In this way, the life of a book is contingent on its story. The life of a book is contingent on its story; the life of the means is contingent on its end; the life of the machine is contingent on its goal; the life of the body (as we know and treat it) is contingent on its soul. The cosmic breath of life (so to speak) is the breath of the soul into the body that delivers our finitude over to the infinite. This is what is alluded to in the allegory of Genesis, before the fall: “the LORD God formed the man of dust from the ground and breathed into his nostrils the breath of life, and the man became a living creature”. Without the breath of subjectivity that penetrates the material flesh with infinitude, the flesh would be lifeless, for it would be without meaning; not only that, meaning itself would be without meaning.
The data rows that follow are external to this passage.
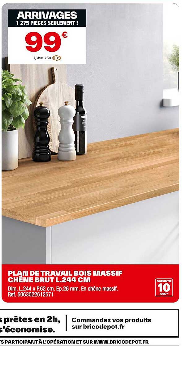 Découvrez dès maintenant la offre PLAN DE TRAVAIL BOIS MASSIF CHÊNE BRUT L.244 CM dans le catalogue de Brico Dépôt. Cette offre est valable du 04/04/2025 au 15/04/2025.
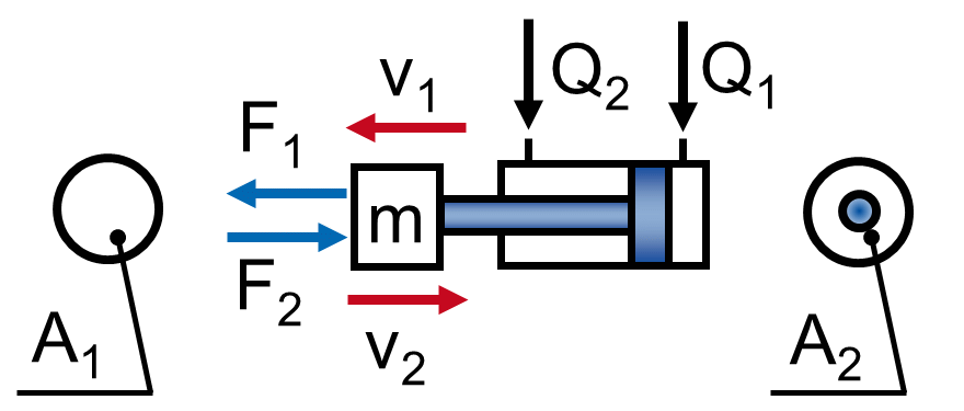 | Formule per il calcolo dei cilindri idraulici | Cilindro differenziale A2 < A1 |
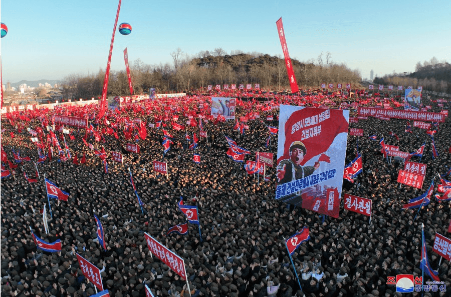Na sede da cerimônia, em que será escrita outra página orgulhosa na história do movimento juvenil jucheano, reinava o afã revolucionário dos jovens construtores por criar novo mito da juventude heroica desempenhando o papel de porta-estandarte pela criação da civilização socialista nesta campanha valiosa para tornar realidade o anseio do Comitê Central do Partido.
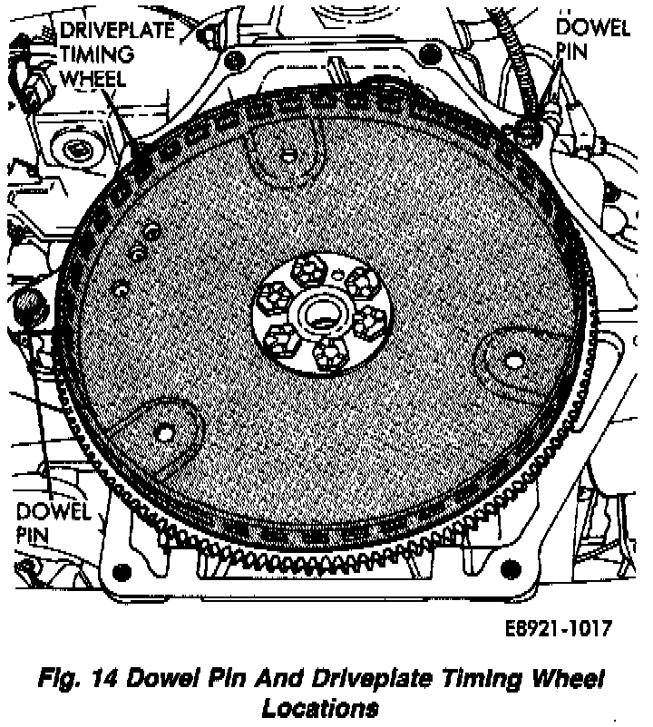Dowel Pin And Driveplate Timing Wheel Locations:
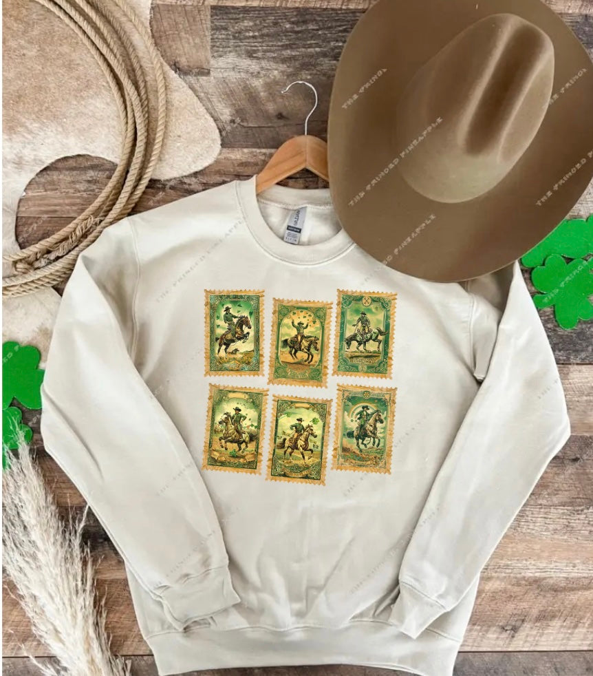 Clover Cowboy Stamps Tee or Sweatshirt (Adult) (Taupe)

Now, to leap an absurd way further, what if there was a book without a story? What if there was a human being without the eternal and infinite, without meaning nor the compulsion to meaning; in other words, without a soul? Now, this is a terribly hard thought to think, even conceptually. The infinite is so formative to our being that it is impossible to imagine a fully finite existence without undoing our own minds. Without the infinite, we would be another creature entirely, quite inhuman, quite unimaginable to ourselves. What is a body without a soul? What is a human being without a possibility for meaning? A pure object, a pure flesh; a means without an ends, a machine without a goal. Of course, still at the end of the day, it is only an end-less means and a goal-less machine insofar as it is posed by the inundated subject to whom such problems amount to anything at all. Whereas the object on the other hand persists in time lifelessly, like a rock on a mountain, or a blade of grass on farmland, possessing not even the slightest note of an eternal awareness to wait to be kicked or eaten. But the subject penetrates the object, injecting its own infinite viewpoint into it—though he or she remains persistent in immediate time, is given over unwittingly to mediate all of time. Case in point, humans are the only ones who proactively wait to die. All of this goes to say just one thing. I have said it before, and I will continue to say it. We are eternal beings.